Io nella tornata mia da Marocco fui in questa città e alloggiai in casa d'un Granatino molto ricco, ch'era stato quivi per balestrieri circa a diciotto anni, il quale a me e a' miei compagni, che eravamo nove senza i ragazzi, fece molto amorevolmente le spese per insino alla partita, che fu il terzo giorno; e come che il popolo volesse ch'io alloggiassi nel commune albergo de' forestieri, egli nondimeno, per essere della mia patria, non sostenne che si riparassimo in altro albergo che in casa sua. E in quei dí che vi dimorammo il commune ne facea presentar quando vitelli, quando agnelli e quando galline. E io, vedendo gran copia de capretti nella città, dimandai al mio paesano perché essi non mi appresentassero alcuni di questi capretti. Egli mi rispose che quello era tenuto il piú vile animale che fosse in quel paese, e che piú tosto si costumava d'appresentar qualche capra o becco. Le femine di questa città sono bellissime e bianche, e volentieri, quando le possono, usano segretamente con forestieri.
Alemdin, città nella medesima.
Alemdin è una città vicina alla sopradetta quattro miglia verso ponente, edificata fra una valle circuita da quattro alti monti, ed è paese molto freddo. È abitata da artigiani, mercatanti e gentiluomini; fa circa a mille fuochi. Stanno queste genti di continovo in guerra con la città dinanzi detta, e nel tempo mio il re di Fez acquistò le dette due città per mezzo d'un mercatante di Fez. Il che fu in questo modo.

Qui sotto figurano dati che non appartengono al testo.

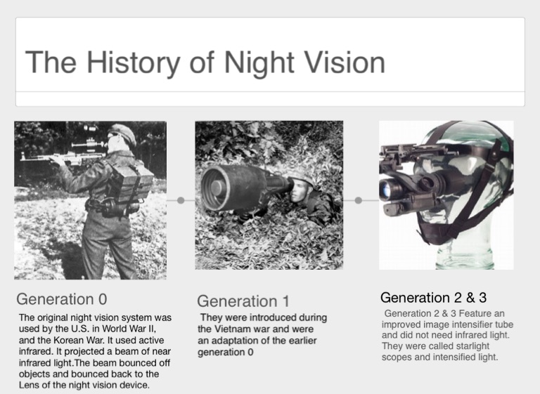 The original night vision system was used by the U.S. in World War II, and the Korean War. It used active infrared. It projected a beam of near infrared light.The beam bounced off objects and bounced back to the Lens of the night vision device.

V'era un mercatante (come s'è detto) di Fez, il quale essendo innamorato d'una bella giovanetta, quella gli fu promessa per moglie dal padre: ma venuto il dí delle nozze, la giovene gli venne levata di mano da uno che era capo della città. Il perché egli turbato, ma fingendo altro, tolse licenzia dal detto capo e, partito della città, tornò in Fez e presentò al re alcune rare e belle cose di quel paese; e gli domandò per grazia ch'ei gli concedesse cento balestrieri, trecento cavalli e quattrocento fanti, i quali tutti intendeva di tenere a sue spese, promettendo fra pochi dí di prender la detta città e, tenendola a nome suo, di dargli ogni anno settemila ducati delle rendite di detto paese.